Plant Director Mark Pervine released the following statement:
"These press system improvements will strengthen Parma’s portfolio of precision sheet metal stampings and assemblies for multiple GM product programs. This comes as a direct result of joint teamwork with UAW Local 1005 leadership and will help support our business as well as our community."
The Parma Metal Center has been open since 1948 and employs more than 1,100 people, most of whom are members of UAW Local 1005. GM says it produces 500 tons of steel per day, and with the Lordstown Assembly plant having shut down in March, it is currently the company's only manufacturing facility left in Northeast Ohio.
"This investment is a reflection of the hard work by our members and is good for the future of Parma," UAW Local 1005 Chairman Al Tiller said.

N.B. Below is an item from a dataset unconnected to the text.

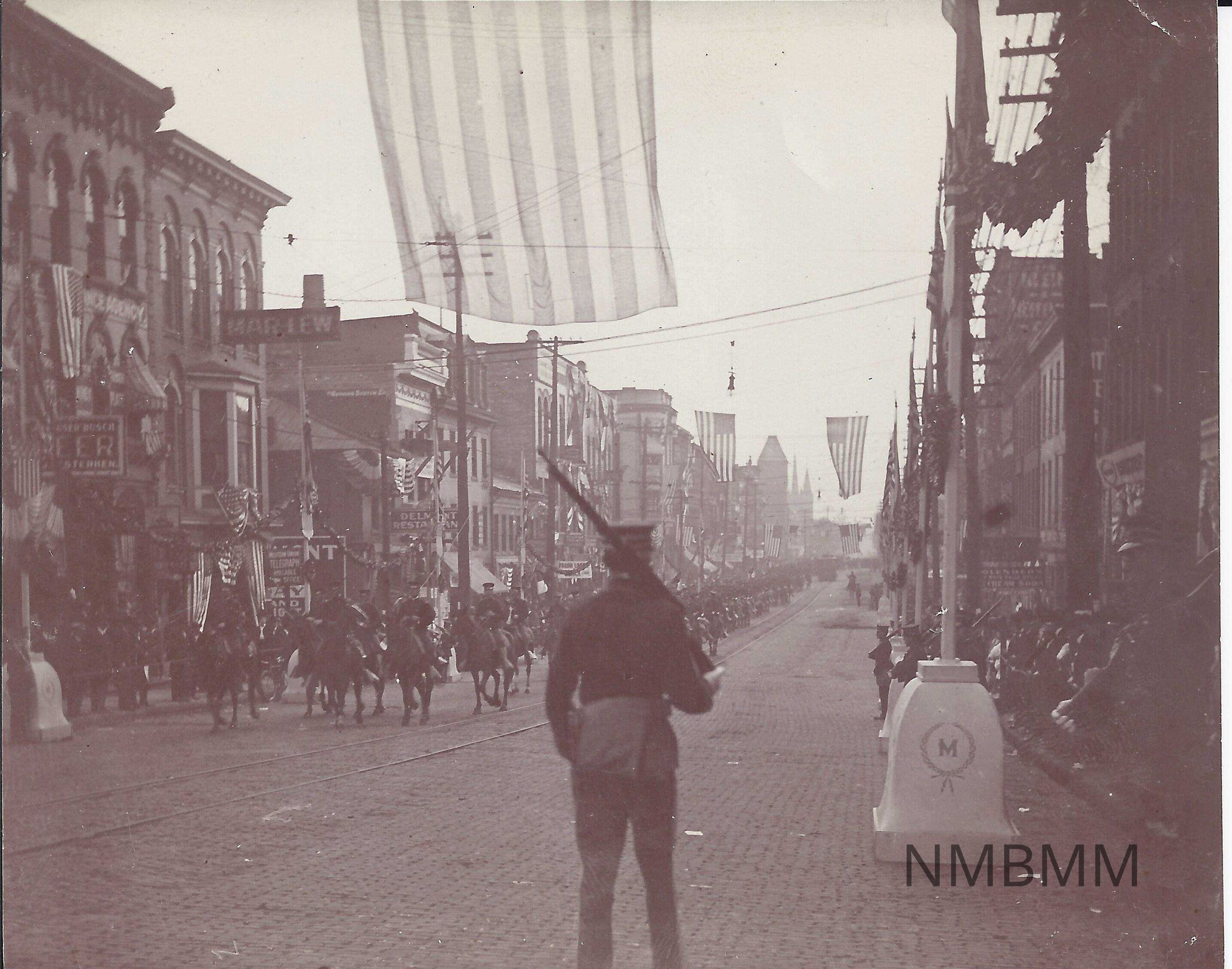 A photograph showing a soldier standing guard on a street in Canton, Ohio while a military parade of soldiers on horses rides through.

Since the Lordstown closure, which eliminated more than 1,000 remaining local jobs and brought the ire of citizens and politicians alike, GM has somewhat shifted its efforts back toward Ohio: Along with the announcement in May of a $700 million investment to its three remaining state facilities (including Parma), the company earlier this month said it would be partnering LG Chem for a new battery cell assembly plant for electric cars that would bring more than 1,000 jobs to Lordstown.
The old Lordstown assembly plant has since been purchased by an electric vehicle startup called Lordstown Motors Corp., which hopes to begin fully operating with about 400 employees by late 2020. GM does not have a stake in the new entity, but has agreed to loan it roughly $40 million to help get it off the ground.